Friday, May 29, 2015

Where's Your Hiding Place?

There's a great song called You Are My Hiding Place by Michael Ledner (CCLI Song# 21442, (c) 1981 CCCM Music):

     You are my hiding place.
     You always fill my heart
     With songs of deliverance.
     Whenever I am afraid,
     I will trust in you.

     I will trust in you.
     Let the weak say,
     “I am strong
     In the strength
     Of the Lord.”

Great song. Great comfort in the place of pain. But greater comfort is actually hiding in the Lord in those times. So where do you run & hide when disaster strikes? You can find answers and advice anywhere, but Jesus has the only true answers and the only advice that actually works.

Tuesday, May 26, 2015

All the Difference

Recently (like in the last couple weeks) I've lost an important relationship, a family member who's cut-off relationship. Even though the person is alive and well, it's like mourning a death. I find myself bouncing randomly between the stages of grief (denial, anger, bargaining, depression, and acceptance), all of which are important to pass through when mourning any loss. The trick is to not get stuck in one.

But what makes all the difference during a time of grieving is intimate time with Jesus. He understands. He empathizes. He's been there. And he has a strategy of something he's doing in that person's life, and in my life. He's a God of restoration, so I know I will get the relationship back. I just don't know how many months, years, or decades we'll lose.

In the hard, painful times, run to Jesus, not away from him. It's not his fault, and he holds the only true answers. Intimacy with him makes all the difference.

Friday, May 8, 2015

The “Yes” of Is “Experience” Required?

Do we have to have an “experience” to know God? That depends what you mean by “experience.”

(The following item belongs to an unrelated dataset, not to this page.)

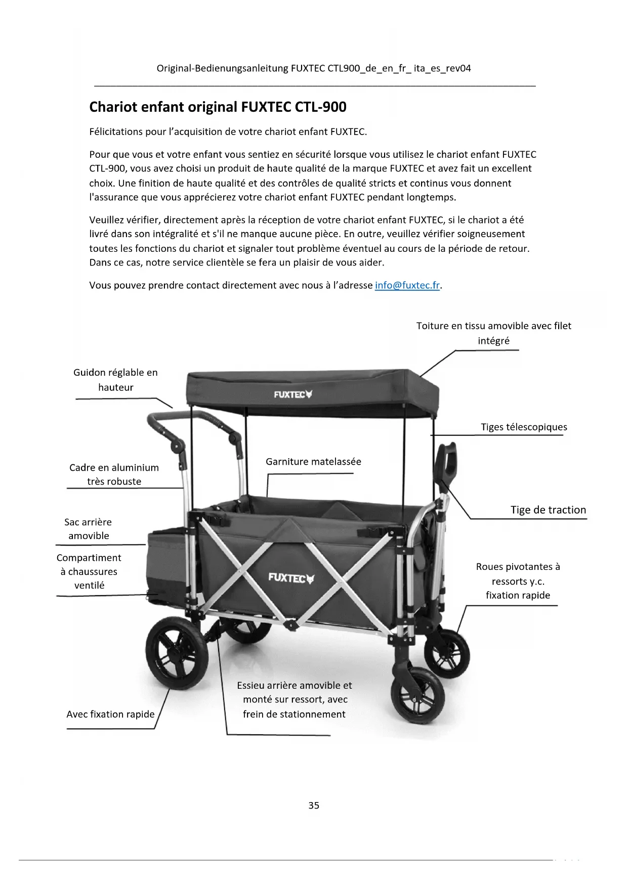 Chariot enfant original FUXTEC CTL-900 Félicitations pour l’acquisition de votre chariot enfant FUXTEC. Pour que vous et votre enfant vous sentiez en sécurité lorsque vous utilisez le chariot enfant FUXTEC CTL-900, vous avez choisi un produit de haute qualité de la marque FUXTEC et avez fait un excellent choix. Une finition de haute qualité et des contrôles de qualité stricts et continus vous donnent l'assurance que vous apprécierez votre chariot enfant FUXTEC pendant longtemps. Veuillez vérifier, directement après la réception de votre chariot enfant FUXTEC, si le chariot a été livré dans son intégralité et s'il ne manque aucune pièce. En outre, veuillez vérifier soigneusement toutes les fonctions du chariot et signaler tout problème éventuel au cours de la période de retour. Dans ce cas, notre service clientèle se fera un plaisir de vous aider. Vous pouvez prendre contact directement avec nous à l’adresse info@fuxtec.fr.

See this past Tuesday's post (May 5) for the “no” of “Is experienced required?”

If you define “experience” as intimacy – which is the definition I personally prefer – then absolutely “Yes”. Don't we as Christians all believe that knowing God means having a personal relationship with Jesus? Think about it – “personal relationship” is a synonym for “intimacy.” By definition, you don't have a personal relationship with someone you're not intimate with on some level.

In fact, one could argue that Jesus died primarily so we could have intimacy with God (both with himself and with the Father). Salvation was just the prerequisite.

Now God doesn't necessarily bring an intimate experience the second we get saved (although often he does) because he wants our loyalty to him to rest on faith and not on the experience itself. But he promised that anyone who seeks him will find him (Deuteronomy 4:29, Jeremiah 29:13, Matthew 7:8, Luke 11:10).

So if we cry out to him for a greater level of intimacy, that's a prayer he will always answer “yes”. He wants it more than we do.

Tuesday, May 5, 2015

The “No” of “Is Experience Required?”

Do we have to have an “experience” to know God? That depends on what you mean by “experience.”

If you define “experience” as any specific one – say, speaking in tongues, or falling down under the power of the Spirit, or shaking – then absolutely “No”. All these experiences are good, and they are all (usually) from God. But they are not required. They are not an end in themselves.

We can't take our wonderful experience, make a theology out of it, and impose it on everyone else. God is a personal God, and there will always be someone with whom he chooses to deal differently, outside of our experience. They will have their own experience with him, different form ours, but just a valid.

See this Friday's post (on May 8) for the “yes” of “Is experienced required?”

Friday, May 1, 2015

The Insufficiency of Experience

Our experience with God, real and wonderful though it is, does not provide everything we need. It's incomplete; it's not the point. Jesus is always the point.

Sometimes the experience of God can be so wonderful that people start worshiping the experience. We know we've made this mistake when we start looking down on others with different experiences, thinking we're more spiritual because they haven't had our experience.

It's not about the experience. It's always about Jesus.